Sur un tombeau chrétien des premiers temps est figurée une porte entr’ouverte. La pierre d’une tombe plus moderne a pour toute ornementation, pour toute inscription, le fac-similé de deux plantes de pieds sur le sable : un symbole de la trace bien vite effacée de notre passage sur la terre.

Pise possède une Faculté de droit, où l’on enseigne le droit canon : un cours assommant, et dont les étudiants se débarrassaient ainsi, il y a quelques années. Le professeur était un abbé, un bon, un doux, un charmant vieillard.

À peine était-il en chaire, qu’un étudiant disait tout haut : Un juif ! Et aussitôt nombre de voix de crier : Docteur, il y a un juif ici ! Pas de juif ! À la porte le juif ! — Eh bien, où est-il ? hasardait timidement le professeur : — C’est moi ! jetait impudemment un étudiant, en se levant. — Eh bien, vous voyez, mon ami, vous allez empêcher ma leçon... Vous devriez bien vous retirer ? — Mais le cours est public, j’ai le droit d’y assister. — En effet, comme vous le dites, le cours est public ! — Pas de juif, à la porte le juif ! reprenaient en chœur les étudiants, — Mais voyez, comme c’est désagréable ! soupirait le vieux docteur, en s’adressant à l’étudiant prétendu juif.
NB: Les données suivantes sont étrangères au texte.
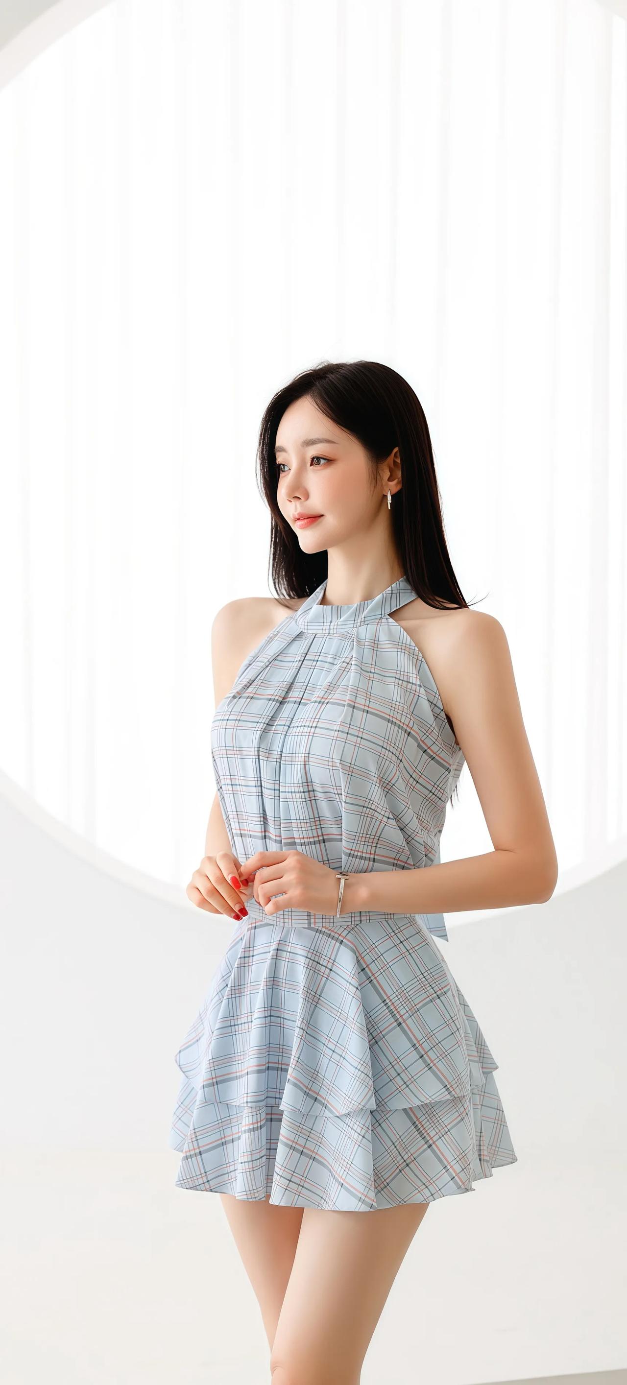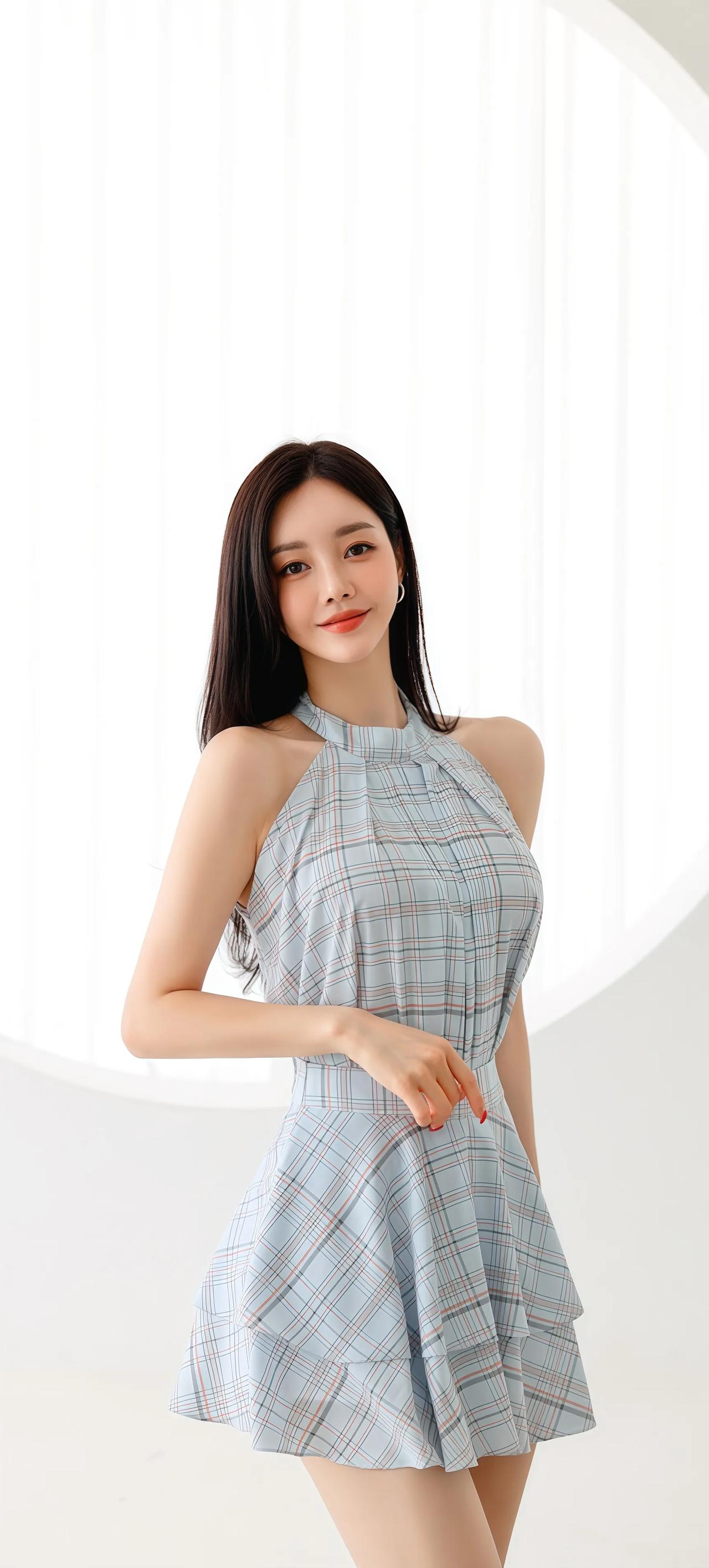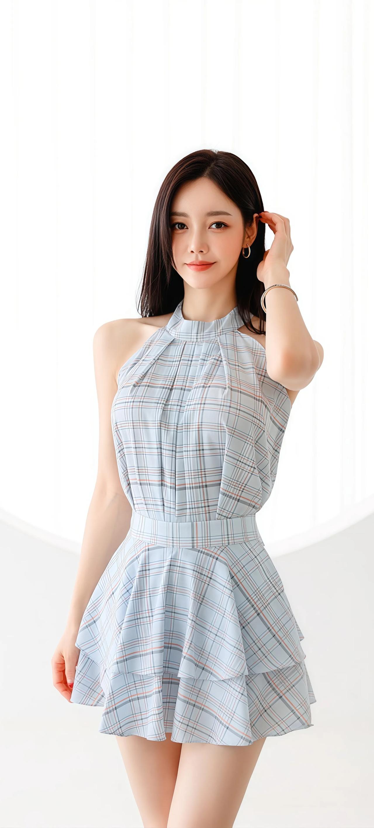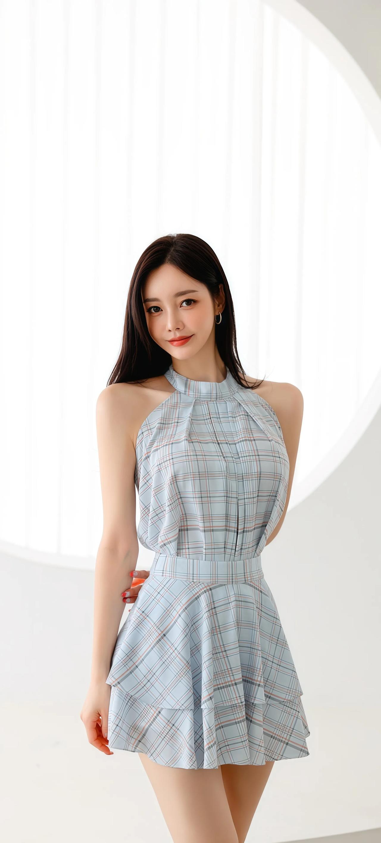 优雅蓝白格裙,甜美少女风,夏日清新穿搭

— Ah ! il ne s’en va pas... il ne s’en va pas... Eh bien, c’est nous qui nous retirons, hurlaient les étudiants.

— Je reste, moi !

— Point de juif, jamais de juif ! — et tous les étudiants décampaient.

Le bon prêtre, resté avec le faux juif, fermait ses cahiers, en lui disant sur un ton de reproche plaintif : Vous voyez, mon ami, ils se sont en allés ! Une population bien misérable, la population de Pise, dont la mendicité, par troupes de dix à douze mendiants, chasse les malades de la poitrine, de ce climat chaudement humide, et dont la partie qui ne mendie pas, vit de braconnage dans les forêts de sapins de la Cascina du S. Rossore, la ferme immense du grand duc, la ferme qui étonne par ce troupeau de deux cents chameaux, aux ancêtres importés du temps des Croisades.

Ces forêts de sapins sont pleines de sangliers, que les braconniers, après les avoir tués, jettent dans l’Arno, et repêchent, lorsque les bêtes sont hors des domaines du grand-duc.

  1. Ces compositions auraient été attribuées à tort, sur la foi de Vasari, aux frères Orcagna : elles seraient, à ce qu’assurent MM. Crome et Cavalcarella, des frères Pietro et Ambrogio Lorenzetti.